By Ben Moger-Williams
Observer staff

Williston drivers are nearly three times as likely to hit a deer this year compared to last year, according to state statistics.

Maj. David LeCours, assistant director of the state Fish and Wildlife Department’s law enforcement division said 12 deer were hit by cars in Williston last year between Jan. 1 and Nov. 20. This year, in the same period, 28 car vs. deer accidents were logged, an increase of 133 percent.

“Williston is an aberration as far as the state average,” LeCours said. According to state records, car accidents involving deer are up about 16 percent over last year.

“It’s primarily the size of the herd more than anything else,” LeCours said.

Hunting restrictions implemented last year along with a mild winter have led to a greater number of deer in this part of the state, he said. Last year the department enacted regulations restricting the number of young bucks and antlerless deer that could be killed, and the Fish and Wildlife Department now estimates the deer population to be between 110,000 and 140,000.

LeCours said this time of year is traditionally when more deer are killed by vehicle hits.

“It really spikes once we get the time change in late October and the commuting hour coincides with dusk,” he said. Dusk and dawn are when many deer become active, and are more likely to stray into the road.

When a deer is struck by a car, if the animal is not killed immediately, a police officer or game warden will go to the scene and shoot the deer, LeCours said. Injured deer generally have broken legs and would not survive long after the accident anyway, he said. Deer are also highly stressed after an accident and often die from the stress alone, he said. If the person involved in the accident wants to keep the deer for food, they must seek permission from the Fish and Wildlife Department.
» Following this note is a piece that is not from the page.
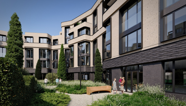 Архитектурное решение комплекса тесно связано с задачей улучшения городской среды. Archivista предусмотрела комплексную инфраструктуру, которая будет работать не только на комфорт будущих жителей, но и на благоустройство всего микрорайона: проект включает организацию новых транспортных связей и оптимизацию пешеходных путей. Корпуса аккуратно вписаны в рельеф, а незастроенные участки выделены под благоустройство и рекреацию: здесь появится общественное пространство, в котором будет приятно проводить время и взрослым, и детям.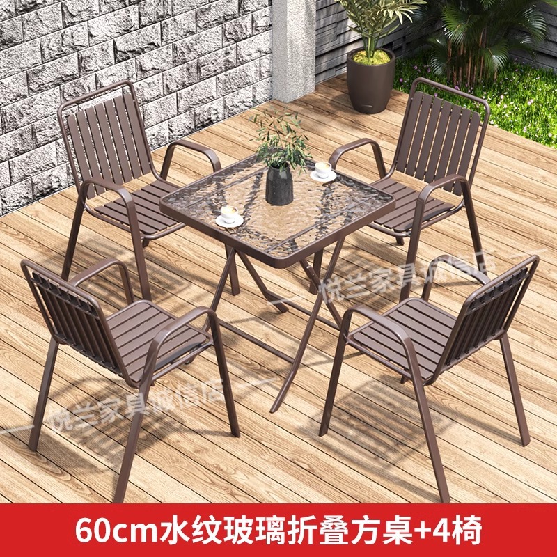 • 60cm 강화유리 접이식 사각 테이블 + 수직 스트립 의자 4개

Deer killed in this way do not count towards a person’s allotted deer ration, LeCours said. Under state law, hunters are allowed to take two deer per hunter per year.

“That’s an expensive way to get one,” LeCours said, referring to the costly vehicle damage that usually results from hitting a deer.

If the person doesn’t want the carcass and it is not too badly damaged, the department will often donate the meat to church groups or other organizations for “game suppers.”

“We’d just as soon have people eat them as let them go to waste,” LeCours said.

If the body is not salvageable for food, LeCours said, it is put into a landfill or buried in a pit.

Carol Winfield, president of the Vermont Wildlife Rescue Association said that she has had many calls from drivers who have struck deer but there is little she can do.

“I think it’s a shame but there really isn’t anyone I know of that has the resources to take on a full-grown animal,” Winfield said.

Winfield, whose organization helps wounded animals recover from their injuries, said people can take simple measures to prevent the accidents.

“A lot of those collisions could be avoided if people would take their foot off the gas and lean on their horn,” she said.